Tip #5: Bring activities and provisions (and sometimes kids’ leashes)
These days many parents are concerned with their children’s screen time on devices like smart phones and tablets. When stuck on a plane with children, sometimes those rules fly out the window. Last year I brought every device I could think of – a DVD player, an iPhone, a kids’ tablet, plus those old-fashioned real paper books! Dolls and a special stuffed animal to travel with are good options too – just don’t bring any toys with small pieces or anything too large. As a bribe you could promise your kid a new stuffed toy at a layover’s airport shop. This will kill time and provide an incentive for good behavior.
Also pack plenty of snacks and drinks. You never know when you will end up stuck on a tarmac for two hours. This did not happen to me, but I wanted to be prepared just in case. My kids are always hungry, so I just kept throwing goldfish, graham crackers and baby puffs at them. If you keep feeding them, they can’t complain that they are hungry. I also recommend bringing your own sippy cups, so you can fill them up for free at the airport’s water fountain, instead of spending a fortune on bottled waters, which also take up more space.
The godsend for me was two kids’ backpacks with leashes attached. I swore I would never be the parent walking a kid on a leash, but that was before I had to keep track of three wild children during a day of three airports. I made the backpacks seem like a special treat, and my oldest son loved his “big boy” backpack, whereas my one-year-old son enjoyed his soft doggy one. My five-year-old daughter relished “walking” her younger brother as well. The whole scene was quite comical.
The leash also came in handy on the airplane, as my one-year-old could walk up and down the aisles while I sat in my aisle seat and held onto the other end. He also made friends this way and hung out with a few other passengers to give me a break at times. Walking the aisle worked great for my toddler, except for on the flight with the stern flight attendant who reminded me each time the seatbelt light came on. At that point I had to become a human straitjacket around my son as he screamed at the top of his lungs and tried to break free. Which brings me to the last tip…

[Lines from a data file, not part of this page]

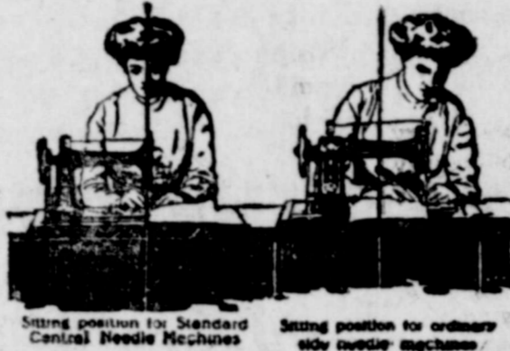
Sitting position for Standard Central Needle Machines. Sitting position for ordinary sewing machines.

When you were doing your sewing, and the
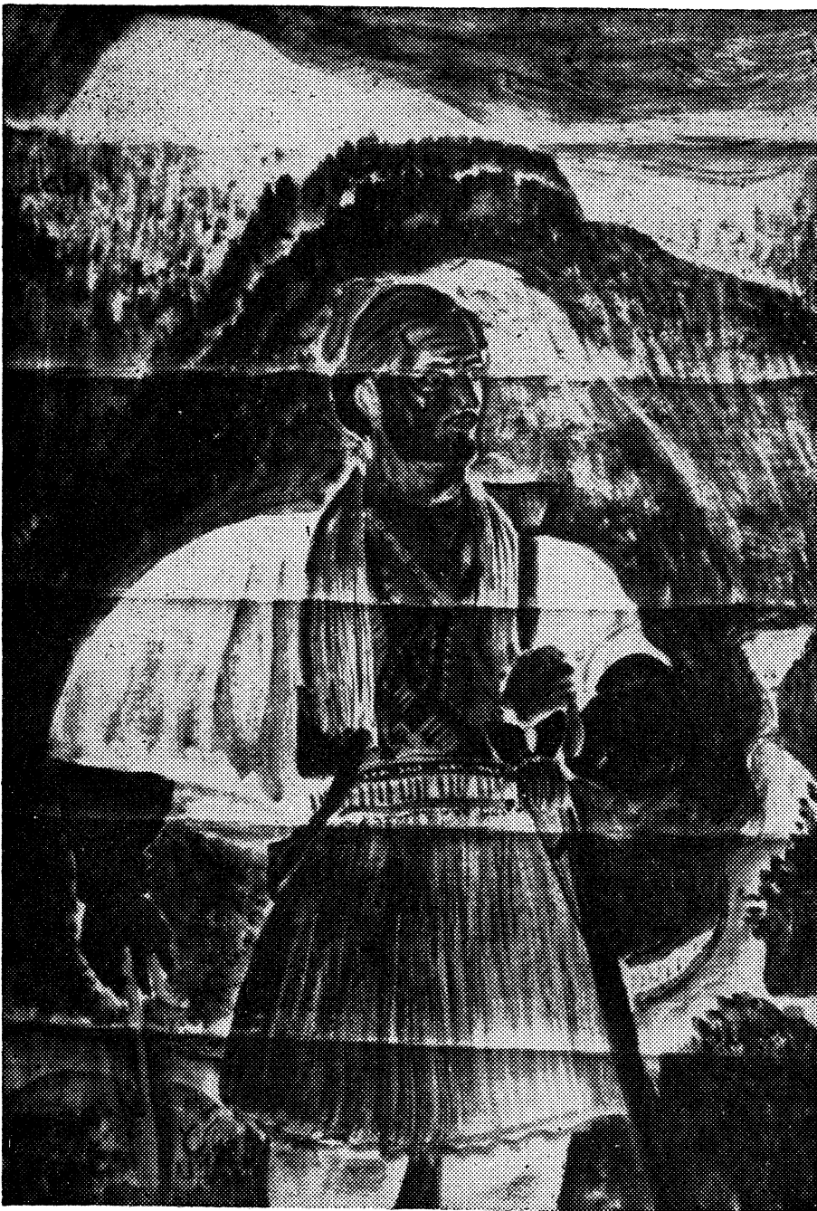
Greek poster of ELAS guerrilla, photograph by Hellenic Dept. of Information, Cairo.
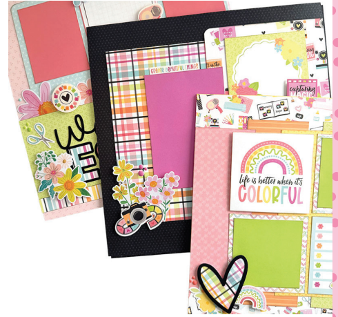
Photo Sizes: Pg 1-(2)3x4, (4) 4x4; Pg 2-(1)4x6, 4x4, 3x4, 6x4, 3x3; Pg 3-(2)

This colorful layout class is packed with crafty stickers, patterns and phrases—perfect for showcasing a weekend crop, crafting with friends or documenting you in your craft space. Featuring Echo Park's Craft Room collection, we'll create two double page layouts, back cut files and layer pretty florals. You'll go home with materials for TWO bonus single page layouts to complete on your own. Let's get crafty! Supplies List: Trimmer, scissors (regular & fussy cutting), tape runner, foam squares, liquid adhesive, ruler, pencil. Optional: Black ink for edging.
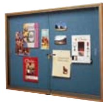
310 BULLETIN BOARD CABINET
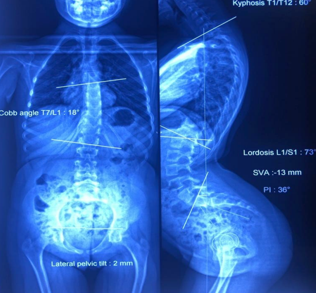
Figure 3. Plain radiographic 1 year after the treatment

ter thyter the edly reported in the literature. Vialle et al. [1] reported lumbar hyperlordosis of neuromuscular origin in 27 pa-
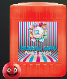
(CAN-101) ★ Bubble Gum Fonic Wash Bubble Gum Scent
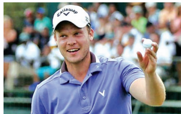
Danny Willett of England celebrates winning the Nedbank Challenge at Sun City on 7 Dec, 2014.

There will be further opportunities for players to qualify for the April 9-12 Masters, including an updated top-50 world ranking heading into the week of the tournament.
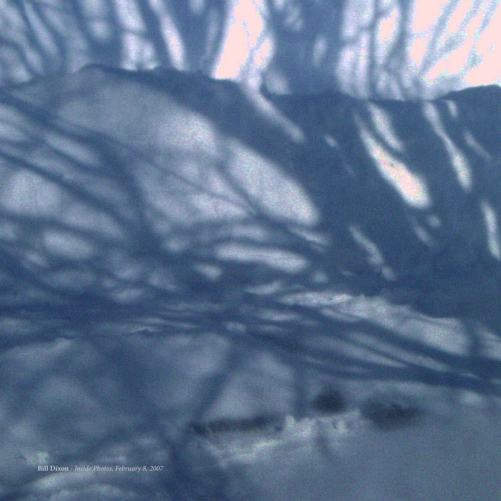
Bill Dixon - Inside Photos , February 8, 2007
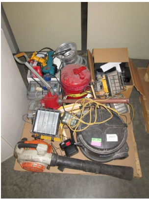
LOT 162 _____
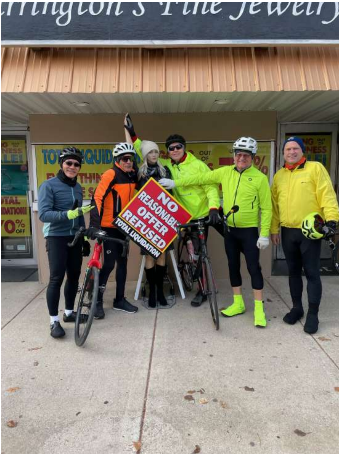
"I don't think that is what she was offering Conrad!"
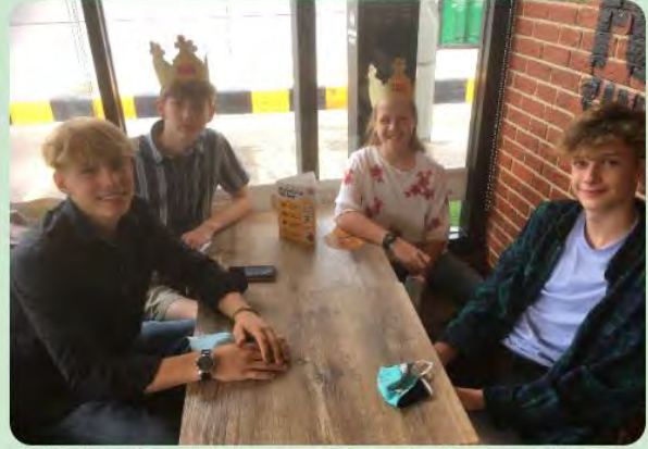
For lunch we had a special meal at Burger King - with crowns and all
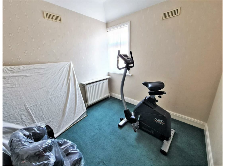
Built in wardrobes, laid to carpet
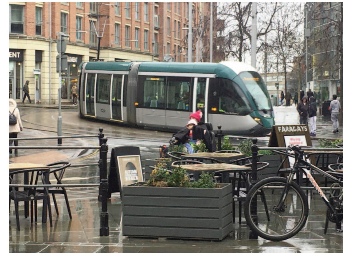
OPPOSITE: The Grenoble system with typical French features of an effective tramway development.
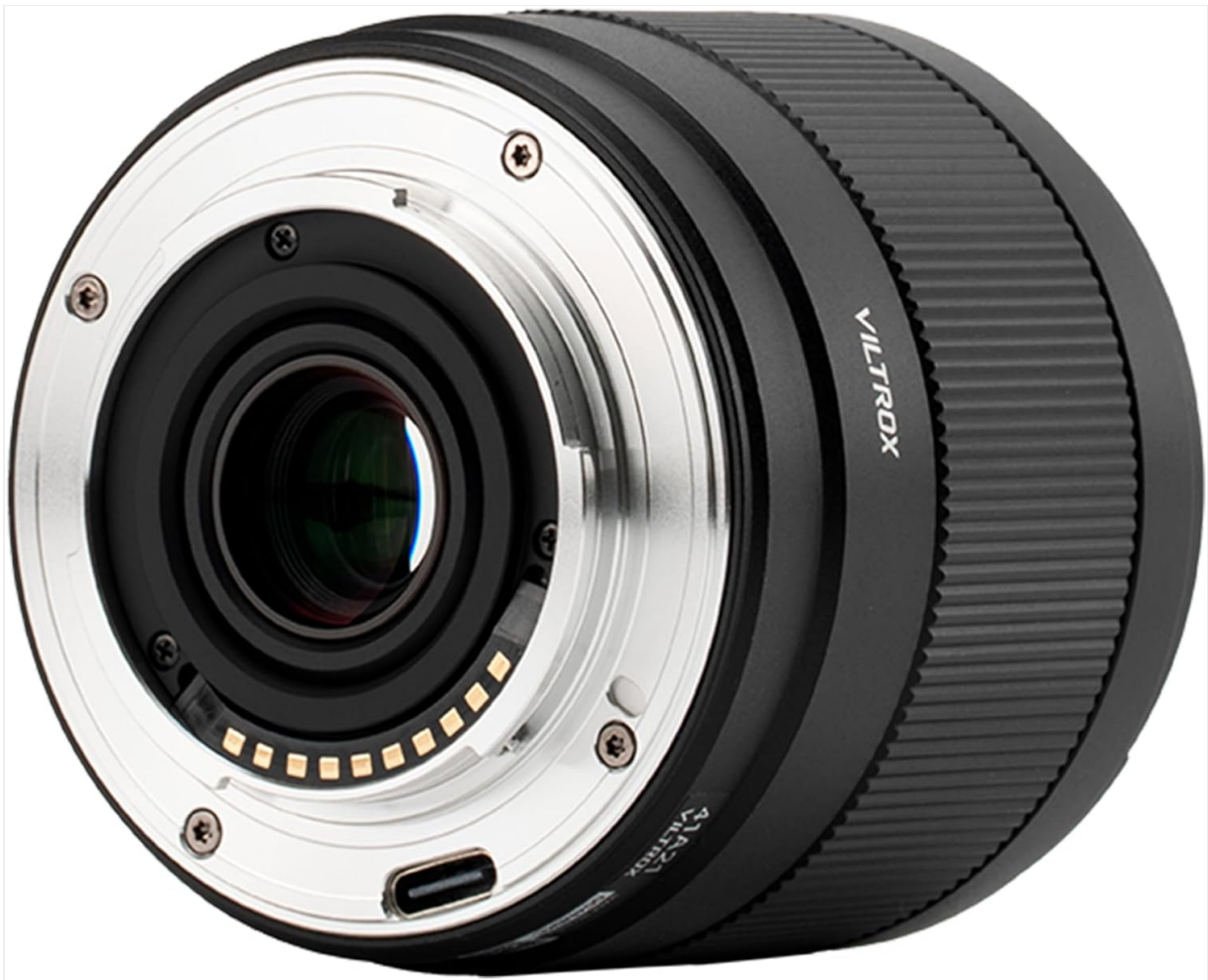
Figure 3: USB-C port for firmware updates
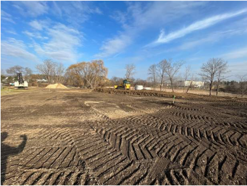
Underground Detention System - Earthwork Prep
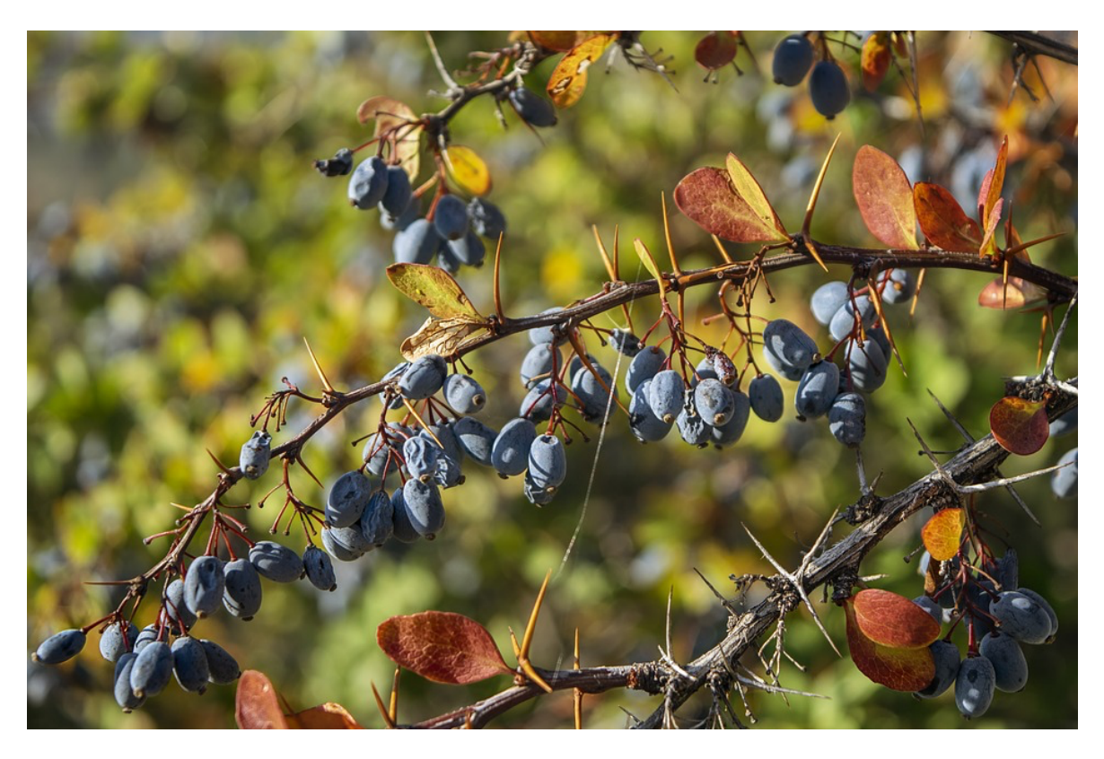
May 2, 2021 9:30 am

A Just Peace Church An Open and Affirming Congregation A God is Still Speaking Congregation
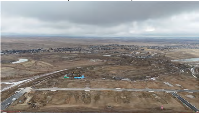
Trailstone (View: North)
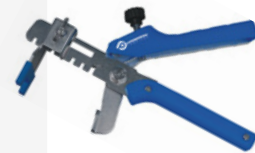
TRACTION PLIER for PROLEVELING WEDGE SYSTEM
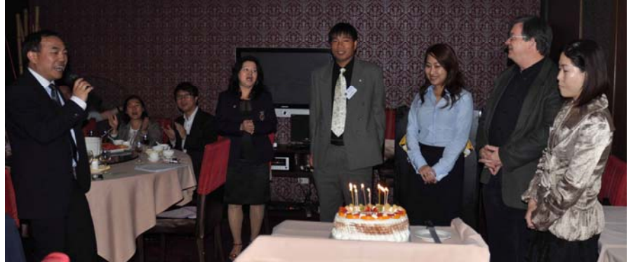
The Birthday Group
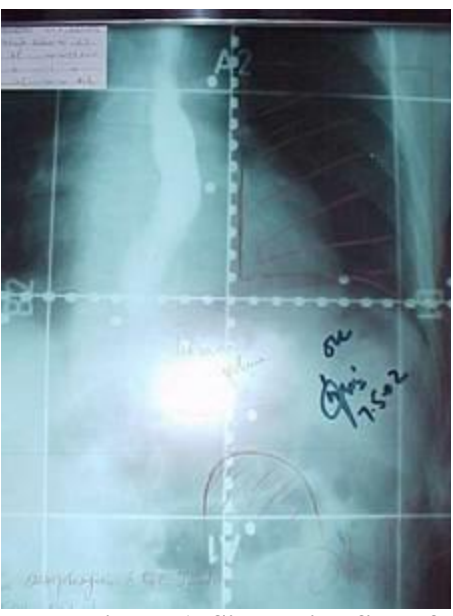
Figure-1: Simulation film of AP/PA field to 40 Gy. Lower border covers the celiac axis DISCUSSION

Locally advanced esophageal carcinoma (Stage III/IV) is un-resectable disease and caries a poor prognosis. <sup>1</sup> Curative surgery of thoracic esophageal cancer involves a subtotal or total esophagectomy. Surgery has been the standard treatment for thoracic esophageal carcinoma, but two largest series by Erlam and Cunha-Melo<sup>7</sup>, review 122 papers involving more than 83,000 patients treated primarily by surgery. The overall 5-year survival rate for patients with resected tumors was 12 %. Patients treated with palliative intention had a survival range of 2-6 months. Studies by Walsh et al<sup>8</sup> and Urba et al<sup>9</sup> report 6 % and 15 % 3 year survival in the surgery alone arm, respectively.
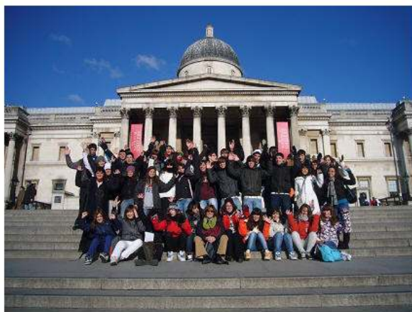
"Thanks, see you next year!" La Mallola School, Barcelona, Feb, 2010

Tip #6: Know that the flight will eventually end. No matter what happens on that plane, no matter how loudly your kids cry or scream, no matter how dirty and disheveled you are by the end, know that the flight has to eventually end, and at some point your kids will go to bed and you will get a hot shower. And the flight will one day be a distant memory that you can laugh at for years to come. Just don’t think about the return flight home.